I'm using a 'rolling' cURL multi implementation (like this SO post, based on this cURL code). It works fine to process thousands of URLs using up to 100 requests at the same time, with 5 instances of the script running as daemons (yeah, I know, this should be written in C or something).
Here's the problem: after processing ~200,000 urls (across the 5 instances) curl_multi_exec()
seems to break for all instances of the script. I've tried shutting down the scripts, then restarting, and the same thing happens (not after 200,000 urls, but right on restart), the script hangs calling curl_multi_exec()
.
I put the script into 'single' mode, processing one regular cURL handle at time, and that works fine (but it's not quite the speed I need). My logging leads me to suspect that it may have hit a patch of slow/problematic connections (since every so often it seems to process on URL then hang again), but that would mean my CURLOPT_TIMEOUT
is being ignored for the individual handles.

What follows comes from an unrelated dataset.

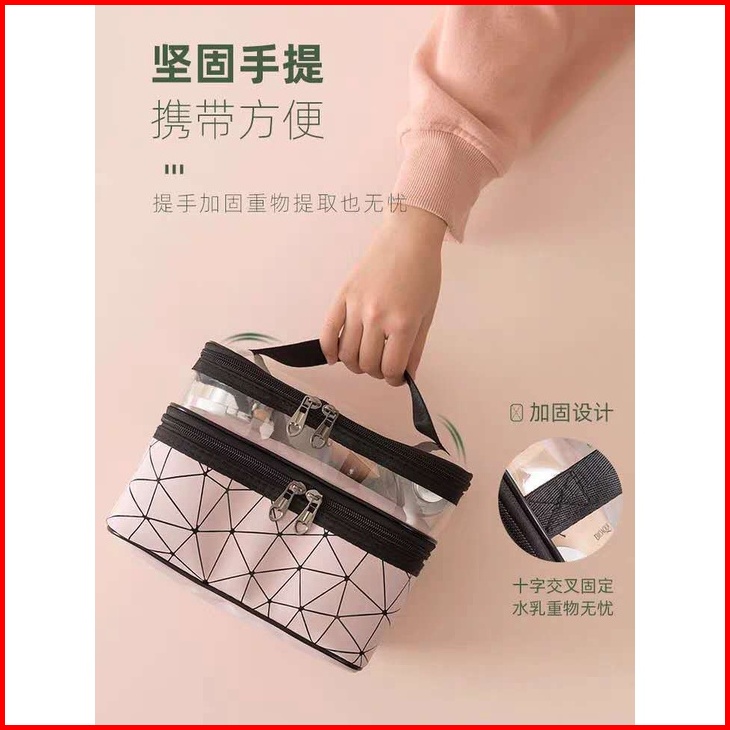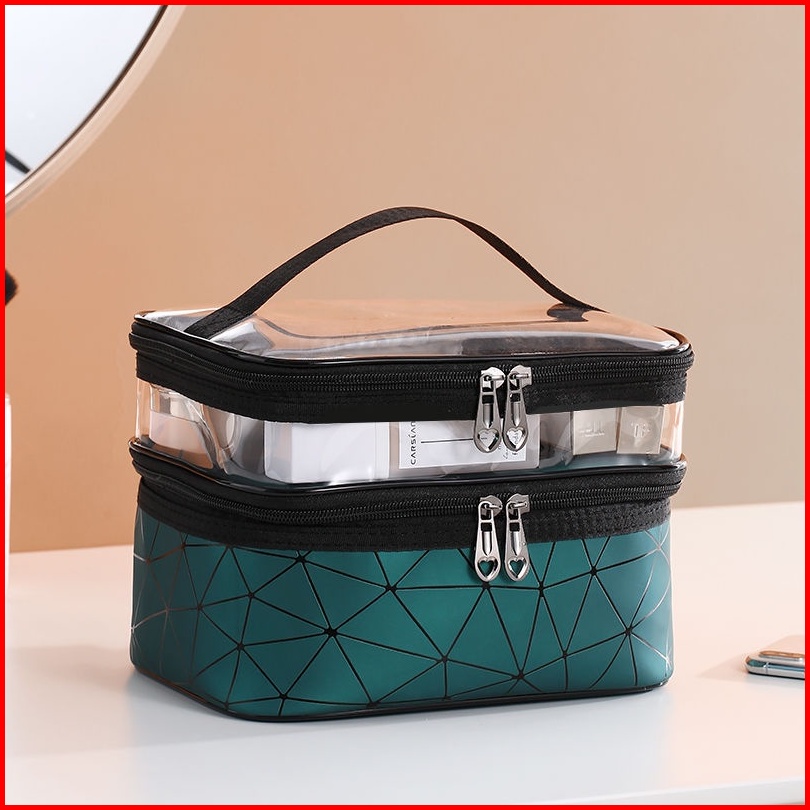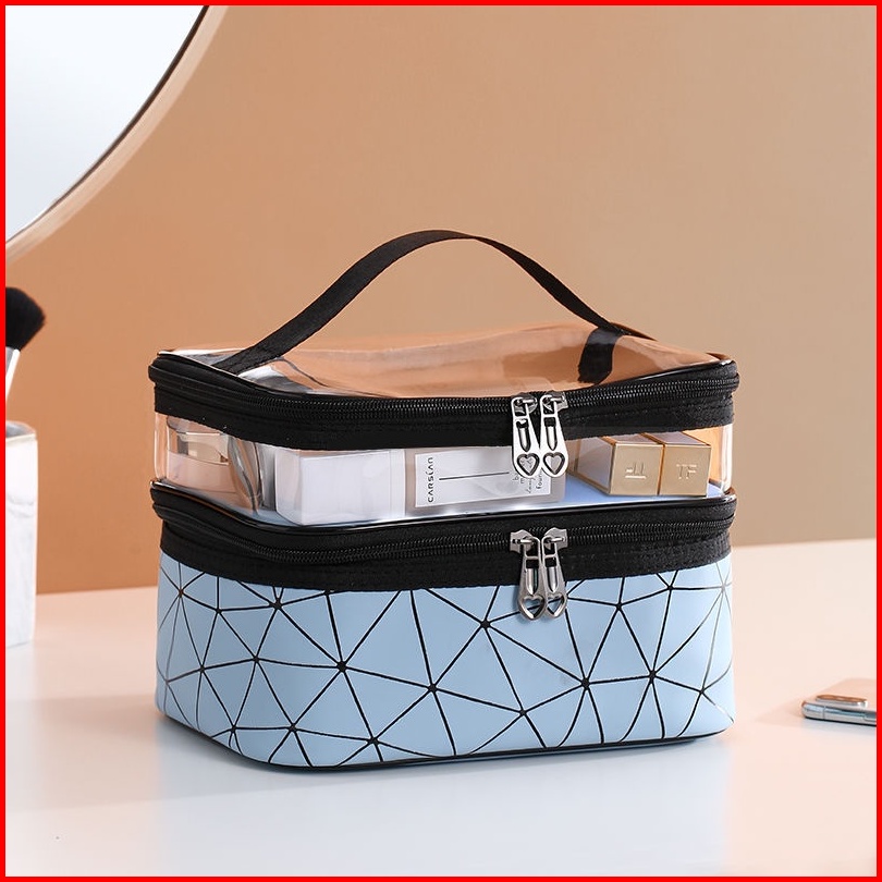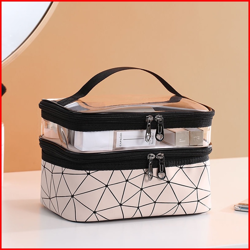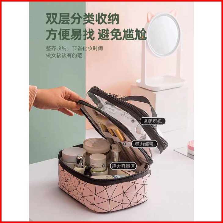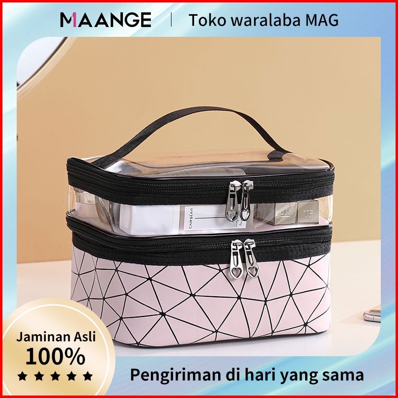 Maange Tas Kosmetik Dua Lapis Model Baru Kotak Kosmetik Wanita Portabel Penata Rias Wanita Multifungsi Penyimpanan Pakai

Or maybe it's just something with running that many requests through cURL.
Anyone heard of anything like this?
Sample code (again based on this):
//some logging shows it hangs right here, only looping a time or two
//so the hang seems to be in the curl call
while(($execrun =
curl_multi_exec($master, $running)) == CURLM_CALL_MULTI_PERFORM);
//code to check for error or process whatever returned
I have CURLOPT_TIMEOUT
set to 120
, but in the cases where curl_multi_exec()
finally returns some data, it's after 10 minutes of waiting.
I have a bunch of testing/checking yet to do, but thought maybe this might ring a bell with someone.